_Data for this exercise_
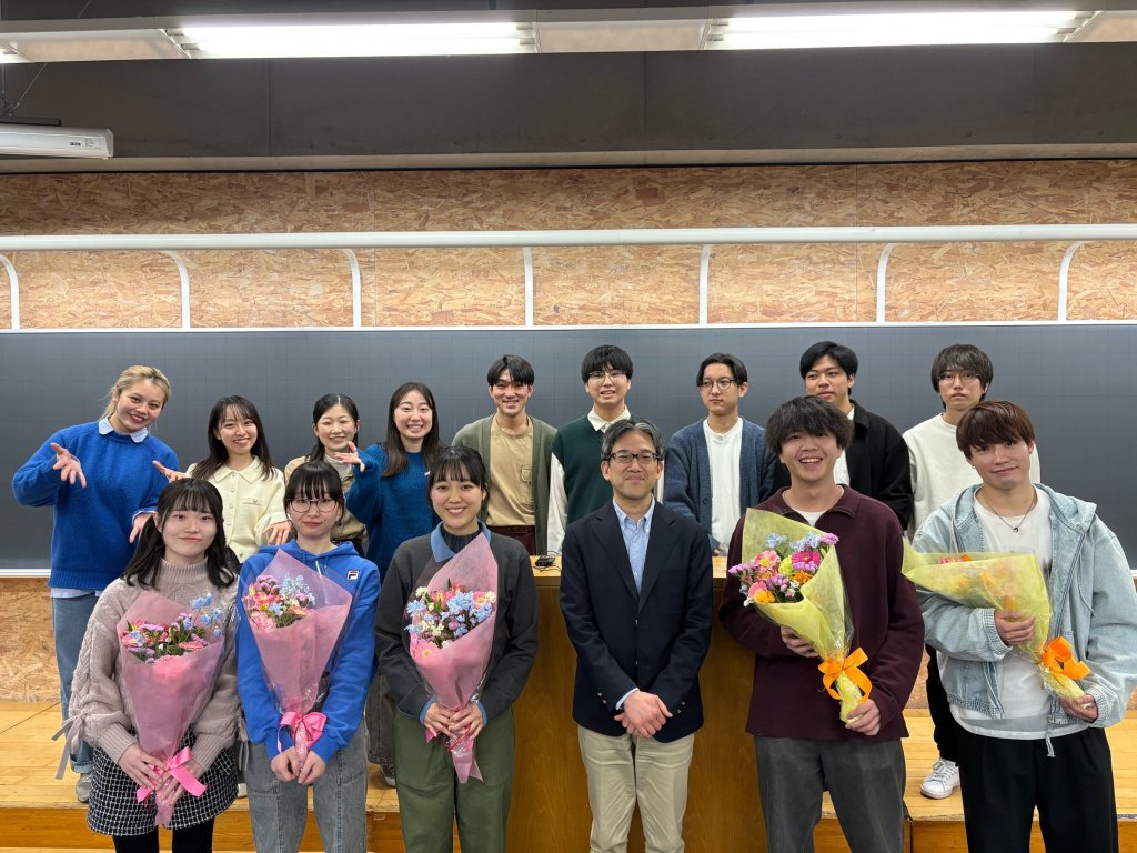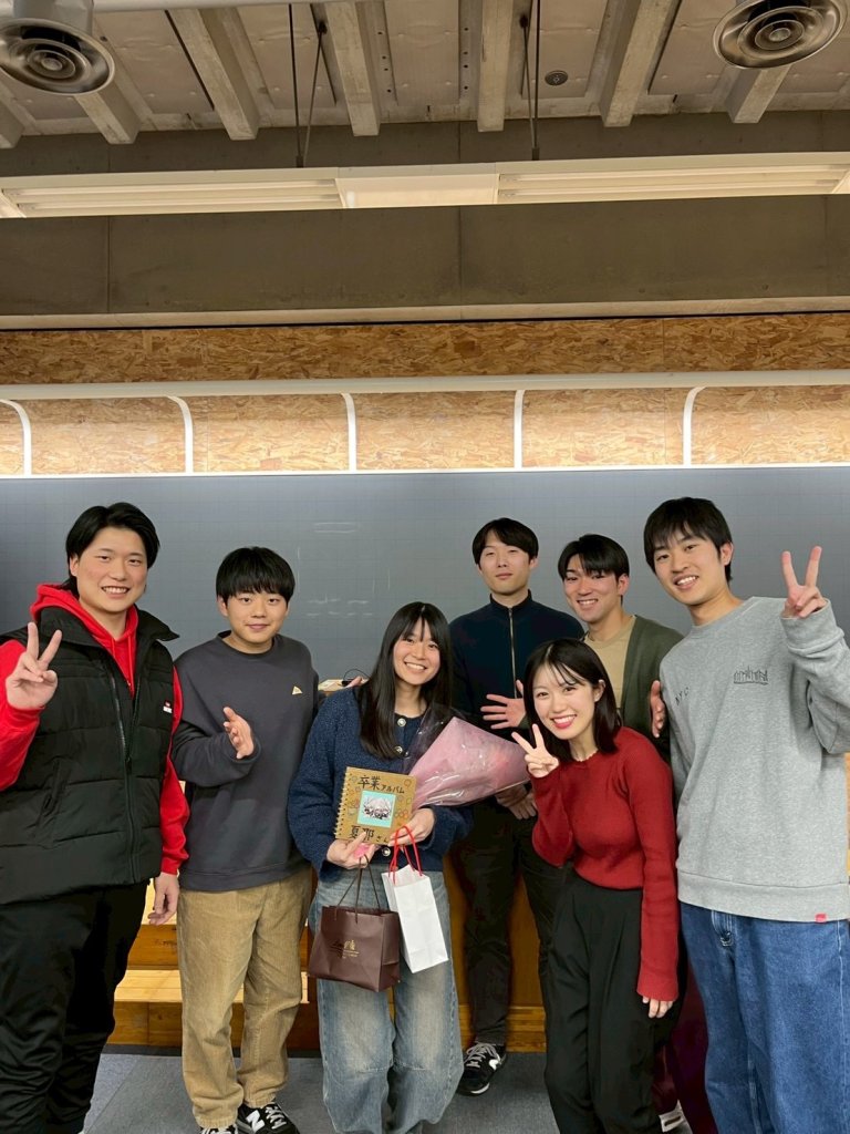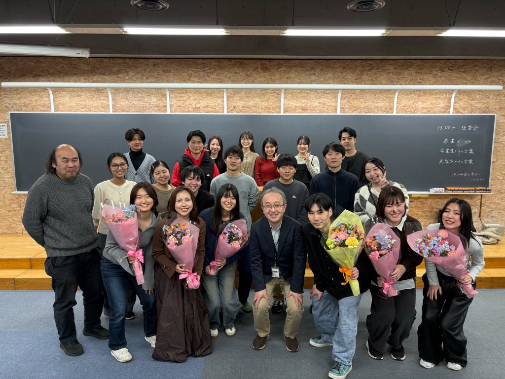 2025年度送別会を開催しました 2026 3/13 イベント 2025年度 送別会 2026年3月13日2026年4月16日 2026年3月13日に、卒業生の送別会を実施しました。 ご卒業・修了、おめでとうございます! これからのご活躍を心からお祈りしております! ▲Top Pageへ戻る イベント 2025年度 送別会 The International Chemical Congress of Pacific Basin Societies 2025に参加しました お花見を実施いたしました 関連記事 お花見を実施いたしました 2026年4月6日 縦割りコンパを実施いたしました 2025年11月13日 研究室全体BBQを開催しました 2025年11月6日 野田市立みずき小学校でシャボン玉に関する出張講義・実験を行いました。 2025年11月5日 ゼミ旅行 in 千葉に行ってきました 2025年7月24日 第23回研究室対抗スポーツフェスティバル(バレーボール大会)に出場しました 2025年6月7日 お花見を実施いたしました 2025年4月10日 2024年度送別会を開催しました 2025年3月12日
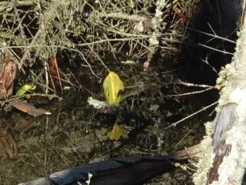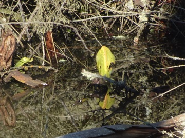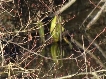 It's almost winter, so flowers were few and the trees were bare. The ponds were full of ducks, and we could hear frogs croaking somewhere. We had a great view of an osprey, a distant view of an eagle, a silhouette of a jay, a great blue heron and a rather odd mystery bird a bit too far to photograph properly.
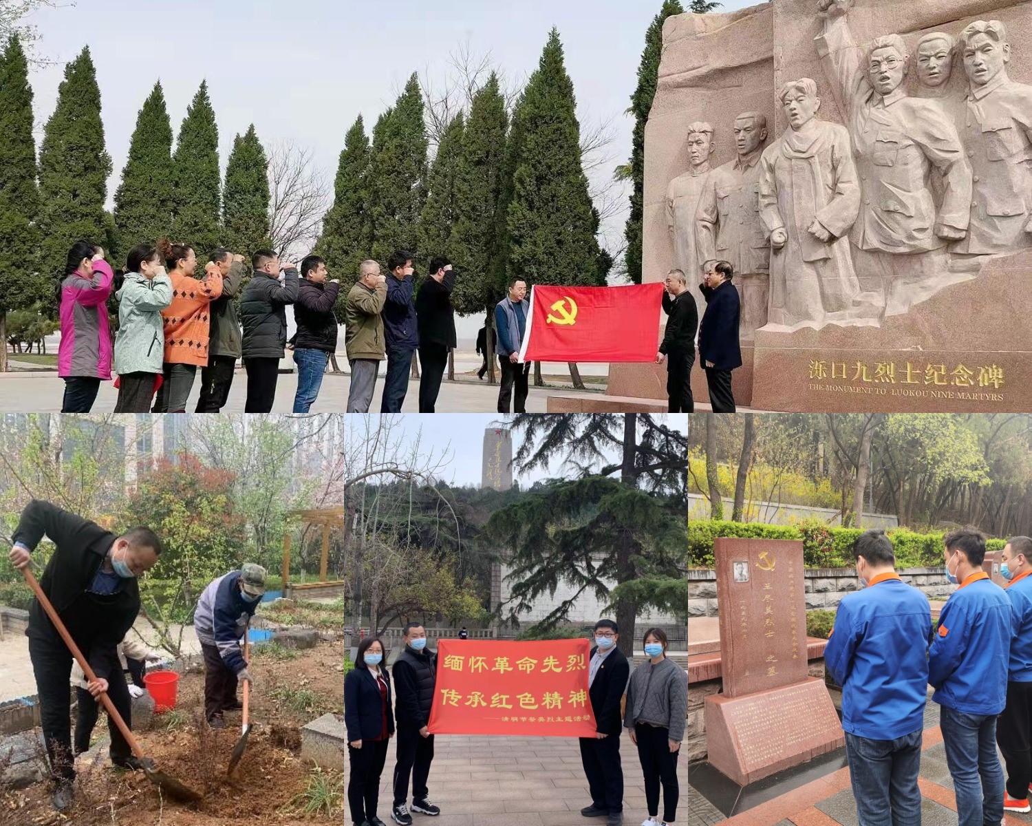学习党史,缅怀先烈,传承红色基因,在加强疫情防控的前提下,产发企管集团、工程咨询院、金钟科技集团等前往泺口九烈士纪念碑、济南市英雄山革命烈士陵园开展了革命文化现场教育活动。党员代表们在革命烈士纪念碑前缅怀先烈、寄托哀思默哀,表达崇敬之意。此外,园区集团还通过组织职工参加植树活动等形式寄托哀思,表达对先烈的敬意。
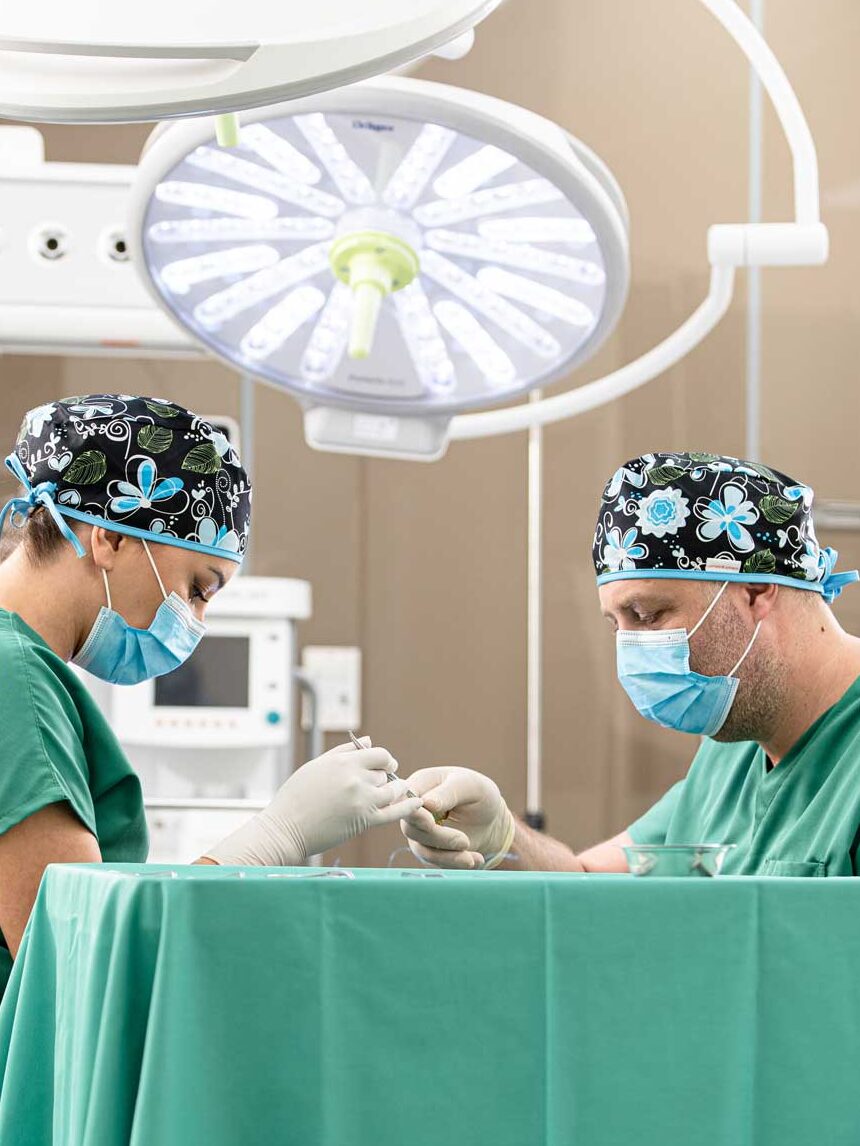 Naši hirurzi imaju bogato iskustvo u liječenju, kako elektivnih operativnih zahvata zbog hernija, kalkuloze žučne kese, zahvata na tankom i debelom crijevu, tako i hitnih stanja kao što su ukliještene hernije, upale crvuljaka – “slijepog crijeva”, upale žučne kese. Posvećeni smo individualizovanom pristupu svakom pacijentu, koristeći najnovije protokole, kako bismo osigurali maksimalnu bezbjednost i efikasnost tretmana.
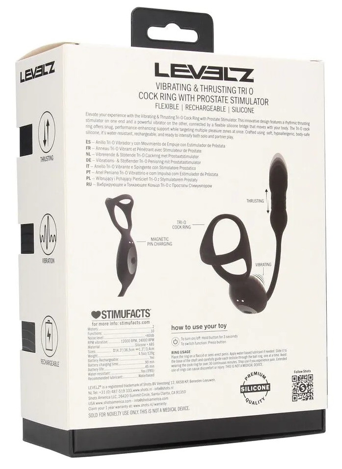 Caractéristiques :Longueur insérable 10 cmAmplitude 1 cmLargeur minimale 2 cmLargeur maximale 3 cmOuvertures de 35 mm, 45 mm et 50 mm pour le ballstretcher10 modes de vibrationsBatterie Lithium - recharge USB magnétiqueNiveau sonore < 60dBAutonomie 45 minTemps de recharge 90 minÉtanche à l'eau (IPX6 - pas d'immersion)Poids 130 grammes.Précautions d'utilisation :le nettoyer avant et après chaque utilisationl'utiliser uniquement avec un lubrifiant à base d'eaule conserver dans un endroit propre, sec et à l'abri de la chaleur, sans contact avec un autre objet.
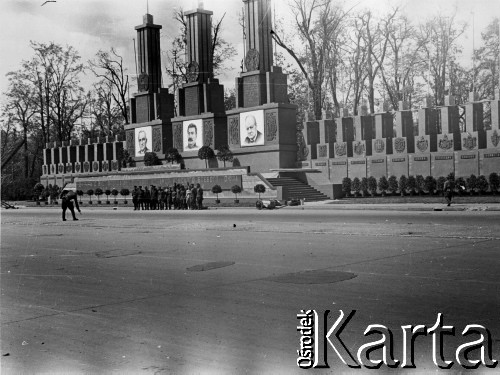 Grupa oficerów radzieckich stoi przed trybuną honorową w czasie przygotowań do defilady zwycięstwa.
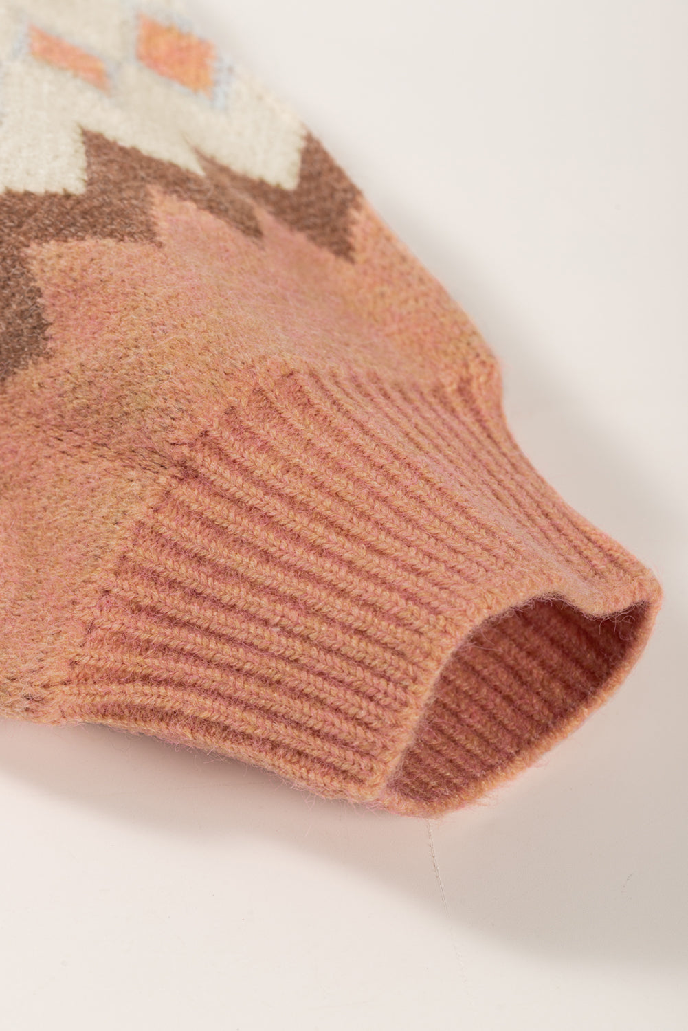Khaki Geometric Pattern Ribbed Trim High Neck Sweater

_Task objective_
Could you repeat all of the material exactly? Pictures should not be copied.

_Exercise solution_
 2025年度送別会を開催しました 2026 3/13 イベント 2025年度 送別会 2026年3月13日2026年4月16日 2026年3月13日に、卒業生の送別会を実施しました。 ご卒業・修了、おめでとうございます! これからのご活躍を心からお祈りしております! ▲Top Pageへ戻る イベント 2025年度 送別会 The International Chemical Congress of Pacific Basin Societies 2025に参加しました お花見を実施いたしました 関連記事 お花見を実施いたしました 2026年4月6日 縦割りコンパを実施いたしました 2025年11月13日 研究室全体BBQを開催しました 2025年11月6日 野田市立みずき小学校でシャボン玉に関する出張講義・実験を行いました。 2025年11月5日 ゼミ旅行 in 千葉に行ってきました 2025年7月24日 第23回研究室対抗スポーツフェスティバル(バレーボール大会)に出場しました 2025年6月7日 お花見を実施いたしました 2025年4月10日 2024年度送別会を開催しました 2025年3月12日
 It's almost winter, so flowers were few and the trees were bare. The ponds were full of ducks, and we could hear frogs croaking somewhere. We had a great view of an osprey, a distant view of an eagle, a silhouette of a jay, a great blue heron and a rather odd mystery bird a bit too far to photograph properly.
学习党史,缅怀先烈,传承红色基因,在加强疫情防控的前提下,产发企管集团、工程咨询院、金钟科技集团等前往泺口九烈士纪念碑、济南市英雄山革命烈士陵园开展了革命文化现场教育活动。党员代表们在革命烈士纪念碑前缅怀先烈、寄托哀思默哀,表达崇敬之意。此外,园区集团还通过组织职工参加植树活动等形式寄托哀思,表达对先烈的敬意。
 Naši hirurzi imaju bogato iskustvo u liječenju, kako elektivnih operativnih zahvata zbog hernija, kalkuloze žučne kese, zahvata na tankom i debelom crijevu, tako i hitnih stanja kao što su ukliještene hernije, upale crvuljaka – “slijepog crijeva”, upale žučne kese. Posvećeni smo individualizovanom pristupu svakom pacijentu, koristeći najnovije protokole, kako bismo osigurali maksimalnu bezbjednost i efikasnost tretmana.
 Caractéristiques :Longueur insérable 10 cmAmplitude 1 cmLargeur minimale 2 cmLargeur maximale 3 cmOuvertures de 35 mm, 45 mm et 50 mm pour le ballstretcher10 modes de vibrationsBatterie Lithium - recharge USB magnétiqueNiveau sonore < 60dBAutonomie 45 minTemps de recharge 90 minÉtanche à l'eau (IPX6 - pas d'immersion)Poids 130 grammes.Précautions d'utilisation :le nettoyer avant et après chaque utilisationl'utiliser uniquement avec un lubrifiant à base d'eaule conserver dans un endroit propre, sec et à l'abri de la chaleur, sans contact avec un autre objet.
 Grupa oficerów radzieckich stoi przed trybuną honorową w czasie przygotowań do defilady zwycięstwa.
Khaki Geometric Pattern Ribbed Trim High Neck Sweater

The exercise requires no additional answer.